▶ **EXERCISE BRIEF**: Look through the data below for the line with "Tall Ship 'Statsraad Lehmkuhl'" and the line with "Each cooperative was", then transcribe exactly from the first through the second, leaving out all pictures.

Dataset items

####

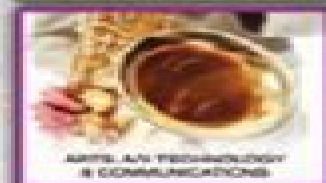
ARTS, A/V TECHNOLOGY & COMMUNICATIONS
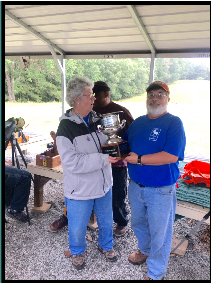
2015 Recipients of the Steven G. Riddle Memorial Region 2 Trophy
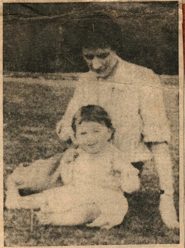
Mother and baby . . . the same two people as those in the top picture!
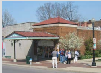
after (left) before (right)

desire to maintain the character of the streetscape. Tartan bought the property, met with school administrators and presented the Bloomington Historic Commission with a plan that satisfied all constituents, with ground-level retail beneath two floors of university offices. The project is one of only six statewide anticipating LEED certification.
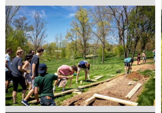
Students constructing pollinator garden beds on the East Campus Hillside.

https://www.jmu.edu/news/2019/04/24-pollinator-gardens.shtml • Bioscience Building Pollinator Gardens – Using a mini-grant from the ISNW, in spring 2019, Dr. Mike Renfroe and students in courses installed full season pollinator beds outside the Bioscience building. The beds included plants species that flower in the spring, summer and fall. The plantings focused on native plants but ensured that a mixture of perennial species was used that will be largely self-maintaining. • Orchard Mason Bee Homes – Using a mini-grant from the ISNW, Dr. Renfroe and students in courses created and installed four pollinator homes for solitary bees and ground nesting bees at the Bioscience Building Pollinator Garden to enhance the native pollinator population.
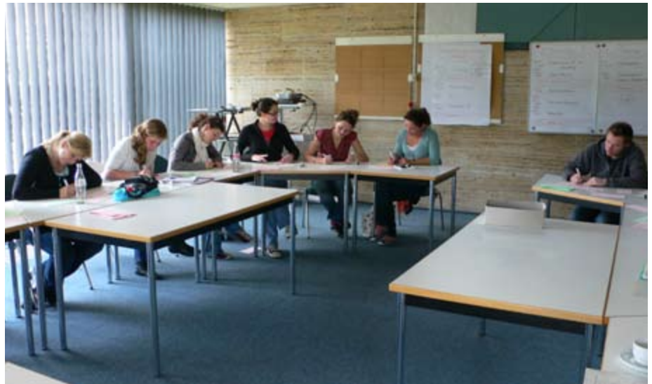
Members of the class of 2008 at the seminar "Reflected practical experience" at Heidelberg University's seminar centre in Oberflockenbach.
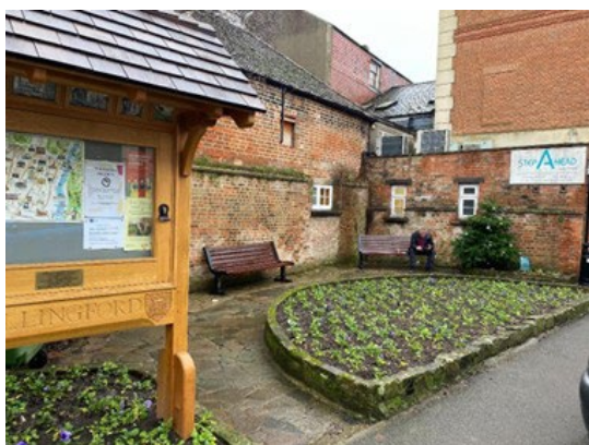
Figure 2. View from northern end

The garden measures approximately 15 x 5 metres and is adjacent to the town centre immediately accessible from and in full view of a busy road. The purpose of the garden is to provide residents and visitors with place to pause and rest or chat to friends. At ground level the garden is currently dominated by a raised flower bed. The tree on the left and shrub on the right, two benches, black cylindrical waste bin and the Town Council information board will be retained. The garden will also feature sustainable planting. The wheelie bin belongs to the coffee shop behind and will be hidden behind slatted fencing. The door provides access to the rear of the coffee shop. The selected artist is welcome to consider and make recommendations on the wider re-design of the garden, which could include alteration of the raised bed, to enhance synergy with the art installation.
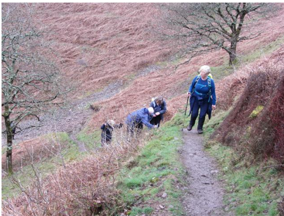
The first climb – without the runners
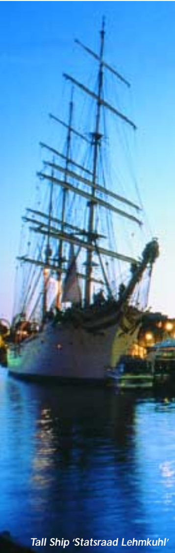
Tall Ship 'Statsraad Lehmkuhl'
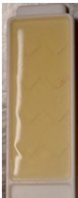
Baseline measurement with 100% biocide (under 1,000 CFU)

Total bacteria count in the tower's recirculating water:
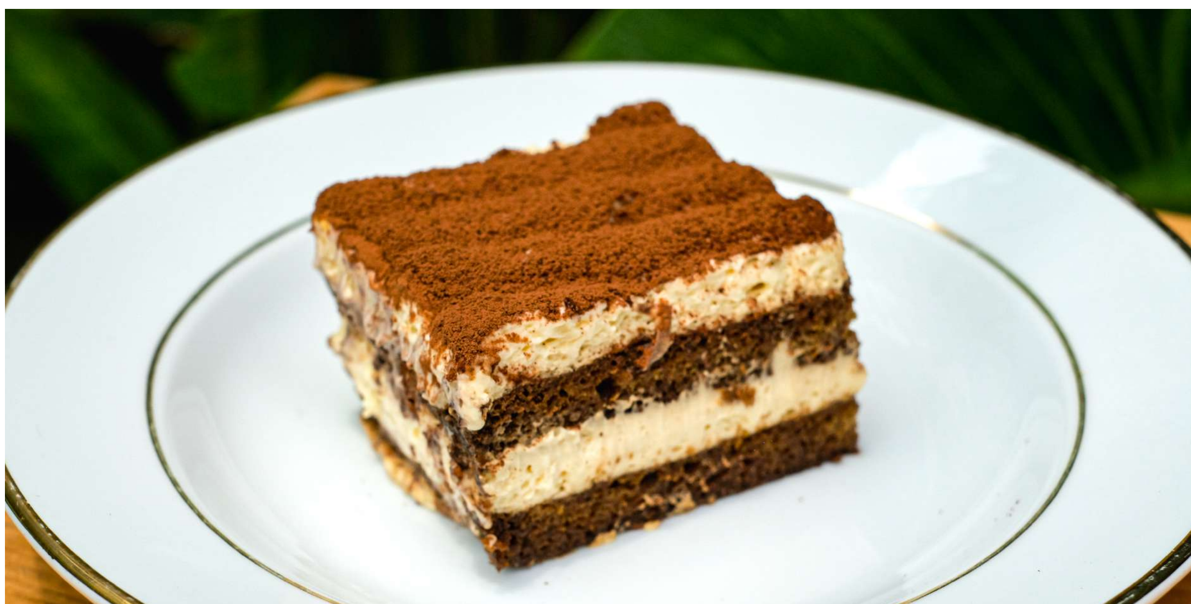
Tiramisu Mascarpone cream, espresso coffee
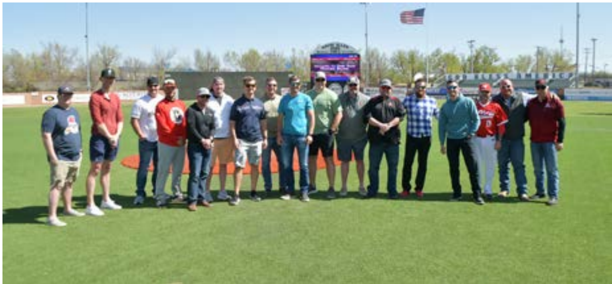
NOC Enid Baseball Alums were celebrated at a reunion last Saturday for the 20th anniversary of the Jets first NJCAA D2 World Series appearance in 2002.
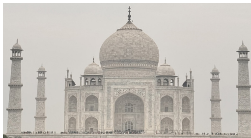
The Taj Mahal - Agra, India
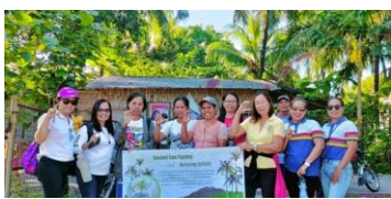
Tigmamale Agrarian Reform Cooperative

Each cooperative was given 100 pieces of seedlings of dwarf coconut trees, a total of 500 pieces were provided by the PCA as planting materials to be planted in the planting site of the cooperative in the same barangay.
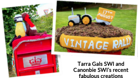
Tarra Gals SWI and Canonbie SWI's recent fabulous creations

By piggybacking on days like World Book Day or International Women's Day you can make your mark. Choose themes that really resonate with your community and go leafletting dressed as your favourite Agatha Christie character, woman of note, or Womble!
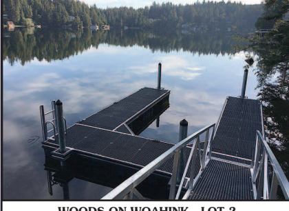
WOODS ON WOAHINK - LOT 2 One of Woahink Lake's finest locations. New custom homes all around, end of road privacy & seclusion Wonderful lake views, easy walk to lake shore & shared dock. Build your dream home today. $249,000 #11182 MLS#16299382

fireplace cozies up your rainy days! RV hook-up, guest studio and large workshop/storage building. Mature landscaping, cedar grove, must see! $499,999 #11190
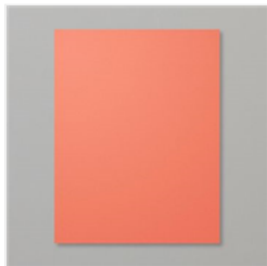
Calypso Coral 8- 1/2" X 11" Cardstock - 122925
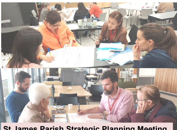
St James Parish Strategic Planning Meeting

####

▶ **EXPECTED OUTPUT**:
Tall Ship 'Statsraad Lehmkuhl'
Baseline measurement with 100% biocide (under 1,000 CFU)

Total bacteria count in the tower's recirculating water:
Tiramisu Mascarpone cream, espresso coffee
NOC Enid Baseball Alums were celebrated at a reunion last Saturday for the 20th anniversary of the Jets first NJCAA D2 World Series appearance in 2002.
The Taj Mahal - Agra, India
Tigmamale Agrarian Reform Cooperative

Each cooperative was given 100 pieces of seedlings of dwarf coconut trees, a total of 500 pieces were provided by the PCA as planting materials to be planted in the planting site of the cooperative in the same barangay.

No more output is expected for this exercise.